Former SEPTA Deputy Police Chief Sues Secretary of State John Kerry, Others

David Scott worked for the feds after leaving SEPTA. Now he's claiming racial discrimination.

Former SEPTA Deputy Police Chief David Scott (top center), pictured with City Councilwoman Cindy Bass, City Councilman David Oh, and SEPTA police officers in a 2012 SEPTA photo.

Former SEPTA Deputy Police Chief David Scott (top center), pictured with City Councilwoman Cindy Bass, City Councilman David Oh, and SEPTA police officers in a 2012 SEPTA photo.
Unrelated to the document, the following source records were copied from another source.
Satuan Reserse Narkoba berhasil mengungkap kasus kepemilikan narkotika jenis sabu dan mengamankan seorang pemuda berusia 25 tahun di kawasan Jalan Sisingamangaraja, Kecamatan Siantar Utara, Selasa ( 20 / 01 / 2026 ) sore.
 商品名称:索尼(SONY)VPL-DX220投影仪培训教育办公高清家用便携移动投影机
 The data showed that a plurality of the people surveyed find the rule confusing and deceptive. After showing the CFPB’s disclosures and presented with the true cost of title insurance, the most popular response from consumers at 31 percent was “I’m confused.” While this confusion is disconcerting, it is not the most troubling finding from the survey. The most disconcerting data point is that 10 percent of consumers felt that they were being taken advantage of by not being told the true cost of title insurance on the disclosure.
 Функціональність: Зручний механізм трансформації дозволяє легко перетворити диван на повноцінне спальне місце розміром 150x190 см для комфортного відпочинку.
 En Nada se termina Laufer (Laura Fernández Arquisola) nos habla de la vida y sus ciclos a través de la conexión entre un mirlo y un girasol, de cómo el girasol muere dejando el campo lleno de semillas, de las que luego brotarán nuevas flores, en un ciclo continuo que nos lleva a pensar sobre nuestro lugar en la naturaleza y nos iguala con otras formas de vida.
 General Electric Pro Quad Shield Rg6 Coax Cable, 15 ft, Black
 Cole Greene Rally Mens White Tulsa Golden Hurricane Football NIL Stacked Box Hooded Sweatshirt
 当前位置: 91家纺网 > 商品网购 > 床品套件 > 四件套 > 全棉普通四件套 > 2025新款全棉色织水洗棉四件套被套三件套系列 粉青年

David Scott was a SEPTA transit police officer for over 30 years and served as deputy SEPTA police chief for over 18 years. After retiring a few years ago, he consulted with the United States government on anti-terrorism, and now he is suing Secretary of State John Kerry and others, claiming he is the victim of racial discrimination.
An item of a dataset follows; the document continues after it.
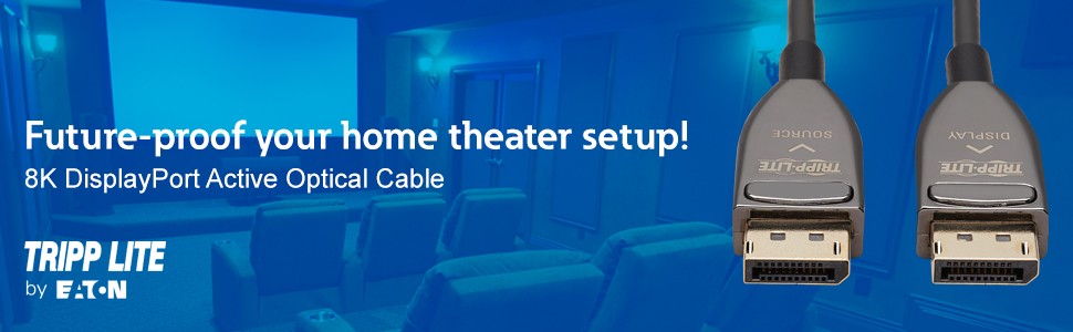 This DisplayPort fiber optic cable allows you to connect a DisplayPort monitor compatible with 8K audio/video signals to an 8K desktop, laptop or tablet computer with DisplayPort video output. Backward compatible with all your existing DisplayPort devices (including Blu-ray players, game consoles and 4K TVs), the P580F3-15M-8K6 is ideal for future-proofing your high-definition or UHD A/V application in anticipation of an 8K upgrade.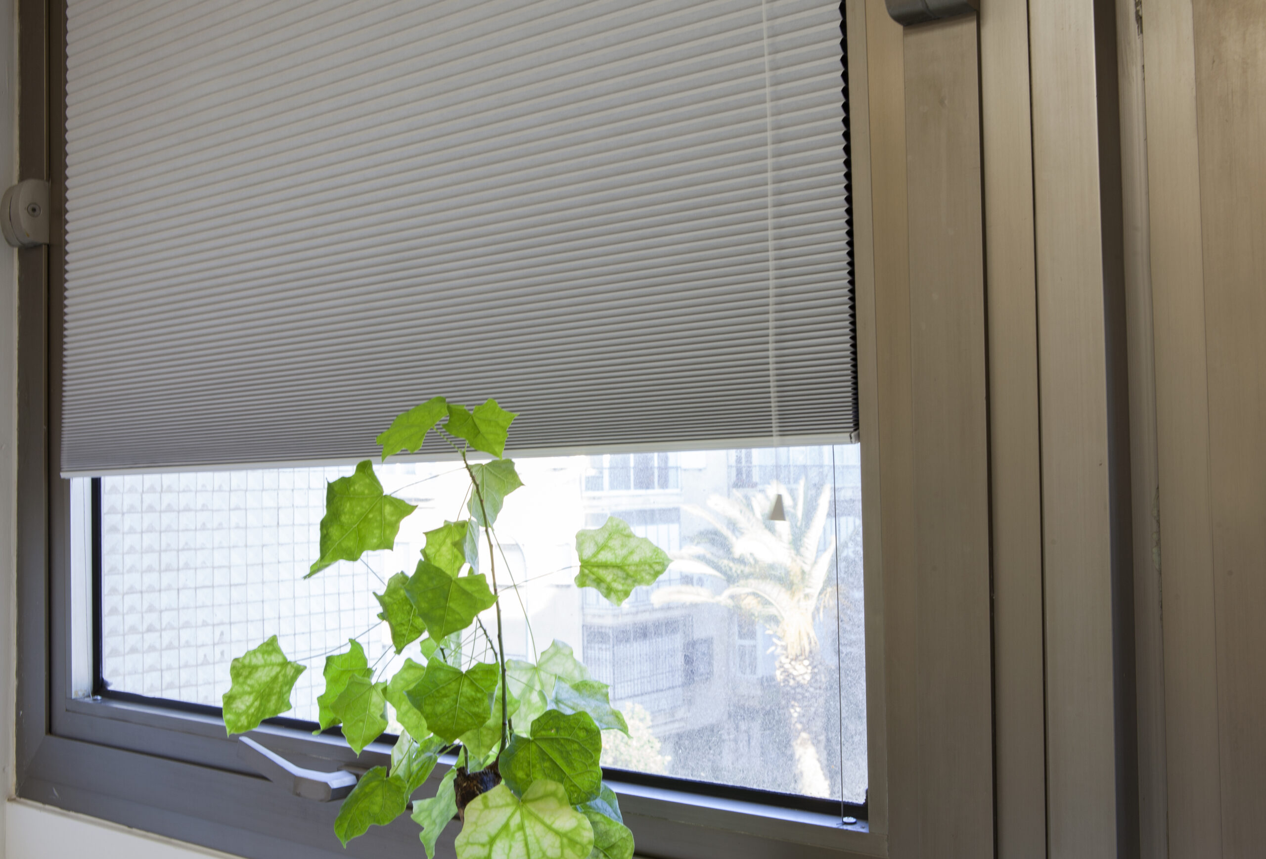 וילון דואט אפור במראה נקי ומודרני, מותקן בחלון אלומיניום. מבט מקרוב על הטקסטורה ההרמונית של הקפלים והאור החודר דרכו בעדינות. פתרון אלגנטי המספק הצללה, בידוד ותחושת רוגע בחלל.

The Department of State’s Bureau of Diplomatic Security contains a Global Anti-Terrorism Assistance Office, and one program operated by a training division of that branch is called “Preventing Terrorist Attacks on Bus and Rail Systems.” Scott, a Cheltenham resident and member of the local NAACP board, was vetted by the government and conducted that training program in Indonesia, Brazil and Panama in 2013. He says he was the only African American on the six-person training team.

In the lawsuit, filed in Philadelphia’s federal court this week, Scott alleges that a member of a cyber security team accompanying his in Brazil made racially insensitive remarks to him and also threw food at him. Scott says he confronted the offender and that the team manager “appeared agitated” over Scott’s complaints.

After that, Scott applied for more training missions but says that he stopped receiving responses to his applications. He pressed to get answers and claims he was eventually told that he had been removed from the list of vetted instructors, that he was “not to be used.”

Scott filed a formal complaint with the State Department’s Office of Civil Rights and alleges that the team manager from Brazil lied to the investigator by reporting that Scott had “strayed from the curriculum” in Brazil. Scott says that’s not true, adding that he was told immediately after the trip that he had performed well. He claims that it was the manager — not him — who strayed from the curriculum.

In the lawsuit, Scott says that the decision to dismiss him was based on his race and his complaints over the racial remarks. He’s also suing for alleged violations of the Freedom of Information Act, because the government hasn’t provided him with documentation about his removal from the vetted list, as he formally requested last November.

Scott is seeking unspecified damages and names as defendants the manager whom he says lied and two unidentified individuals within the Global Anti-Terrorism Assistance Office, in addition to Secretary of State John Kerry.